My Life in the Little Brown House, part 21: Barn, Cow, and Chickens

Besides the house there were three other structures on the lot, the largest of the three being the barn. The barn was always there in my memory so it must have been constructed when I was quite young. The west end was the stall where the cow was kept (and milked in the winter months). There was a small loft or haymow in the overheard part of the barn where the hay to feed the cow during the winter was stored. I recall vaguely the hay being unloaded from a hayrack into the haymow via a small hay door at the east end of the barn. I think that Uncle Carl provided the hay but I’m not certain.

























Outside the barn on the west was a small lot where the cow was let out during the winter months — it was shielded on the north (and west?) by a board fence for protection against the winter weather. My father always did the milking; only once when he had one of his “sick” headaches did I try my hand at the task, without too much success. It takes a little practice to milk a cow with any degree of proficiency and it wasn’t until we moved to the farm that I really achieved the skill. I don’t recall specifically when I last milked a cow — whether it was the last summer I spent on the farm between my two years at the university, the two-week vacation I took after finishing school in the summer of 1942 and before I left for work at Shell in California, or on one of the annual vacations that I spent back in Iowa during the war years or the later years before my parents moved back to Gowrie. Milking a cow, or being faced with the prospect of needing to do so, has been an occasional, rather unsettling dream I have experienced in the past, although not in recent years. I have had similar unsettling dreams about having to harness a team of horses. Why I should regard these activities as unsettling dreamwise I don’t know. Both were accepted and normal tasks during the years on the farm.
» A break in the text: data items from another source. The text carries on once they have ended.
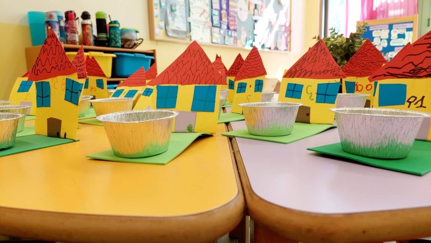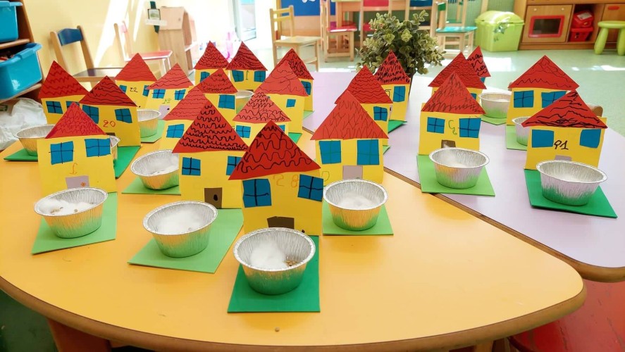 - Κατασκεύασαν σπιτάκια κολλάζ με κήπο στον οποίο φύτεψαν φακές και τον περιποιούνται καθημερινά
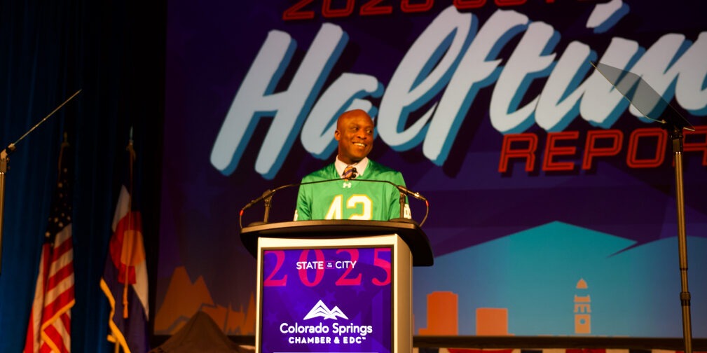 “Halftime is when coaches and analysts will step back and look at the first half,” said Mobolade, wearing a Notre Dame football jersey. “They review key plays and stats and strategies, and then make adjustments needed to finish strong. And just like every football game, I also recently passed my halfway mark of my first term as new mayor. Today I stand before you to give you my halftime report. Look at the stats, key plays, and strategy as we work together to advance the flourishing of Colorado Springs.”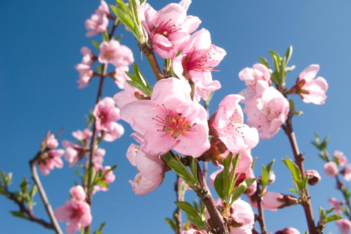 El durazno o melocotonero tarda algún tiempo para florecer, tanto como tres o cuatro años. Requiere de un suelo seco y soleado, pero también de muchas horas de frío en invierno para que sus flores puedan darse de manera diferenciada, es decir, que haya masculinas y femeninas. A la par de su suculento fruto, la flor del durazno proporciona igual o mayor atractivo visual. Es una flor pequeña, en diversos tonos rosas que van del más pálido al más fuerte. Son solitarias, geminadas o divididas, y con numerosas brácteas, que son una especie de pétalos verdes que unen a la flor con la rama, ya que no tiene tallo. La flor aparece en cada nudo de las ramas.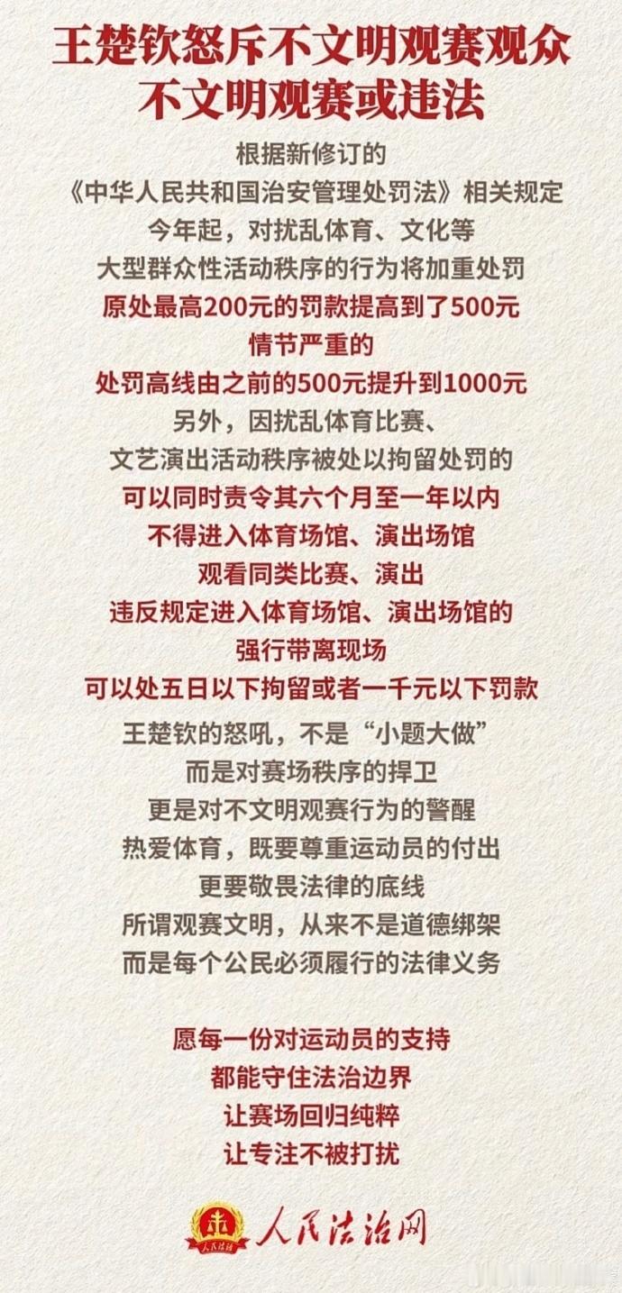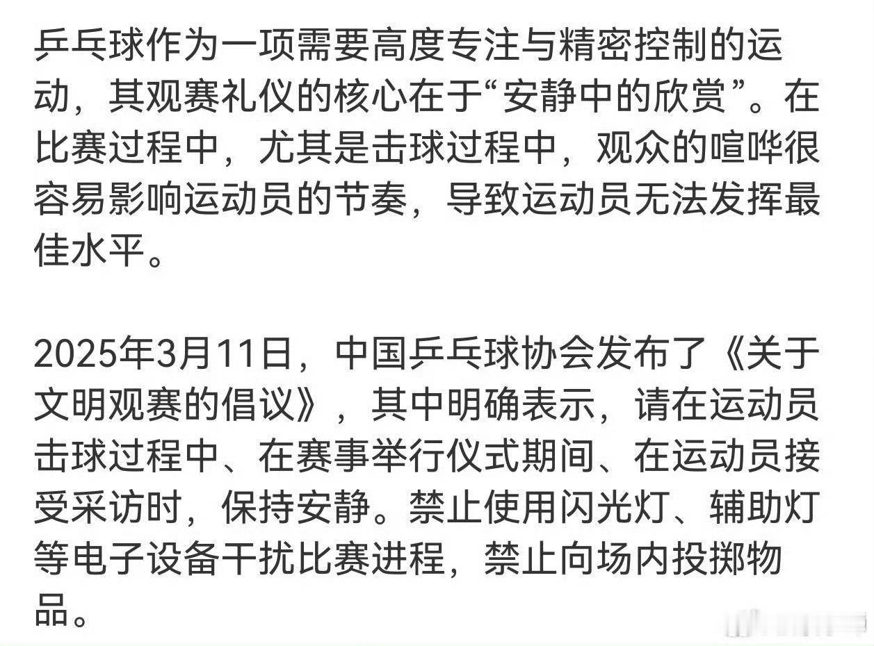 文明观赛是最基本的观赛礼仪,请尊重运动员,尊重赛场!文明观赛,从你我做起。主办方对于违规者就该立即请出去场外。不采取措施,对不遵守规则的人仁慈,就是对遵守的人残忍。王楚钦怒斥不文明观赛观众中国乒乓球队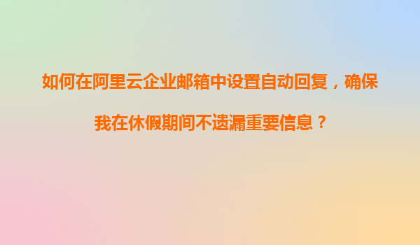 如何在阿里云企业邮箱中设置自动回复,确保休假期间不遗漏重要信息?

The cow the family had during the early years in Gowrie was usually, if not always, a Holstein. Periodically of course, my father would need to take the cow off to be bred, and I recall wondering what was going on when my father, late in the evening, went off leading the cow. We had no need or use for the calf that was produced; I remember that on at least once occasion it was given to my Strand cousins, and I seem to have the memory of it being pointed out to me on a visit to Uncle Reuben’s homestead.

















Holstein cow

The remaining part of the floor or ground level part of the barn was originally divided into a room for chickens, a little storage area for garden and lawn tools and the garage for the car. The room for chickens was on the south side of the barn, sandwiched between the area occupied by the cow on the west and the small room for garden implement storage. Outside the barn there was a small yard for the chickens to scratch around in. It was not long tough before my parents acquired the lot (or lots) just north of the little brown house to be used as pasture for the cow. When this acquisition was made the chickens were moved to new and larger quarters in a separate chicken house located on the south edge of the pasture, not far from the barn.

Before the lots could be used for pasture they needed to be fenced in and I have a vague recollection of this happening. Inside the pasture there was a further fenced area for the chickens along where the cow was excluded; the chickens however also ranged all over the pasture. The pasture was never seeded to any particular grass — I think it was just the naturally occurring grasses. During the summertime the cow was also pastured at times in part of a community area called “Lindquist’s” pasture which was located across a lane north of the pasture belonging to my parents. Lindquist’s pasture was a large L-shaped piece of land, extending to the M & St. L tracks on the north and the road along the west end of Gowrie leading to the little town of Callender six miles to the north. It could easily have been 20 acres or more in extent. Various townspeople used it for summer pasturage for their cows — I guess having a cow for family milk was fairly common in the town. I recall one man Moberg having a rather obstreperous animal, with horns. This beast attacked one elderly person, by name Julander I believe, and I seem to recall he expired because of his injuries.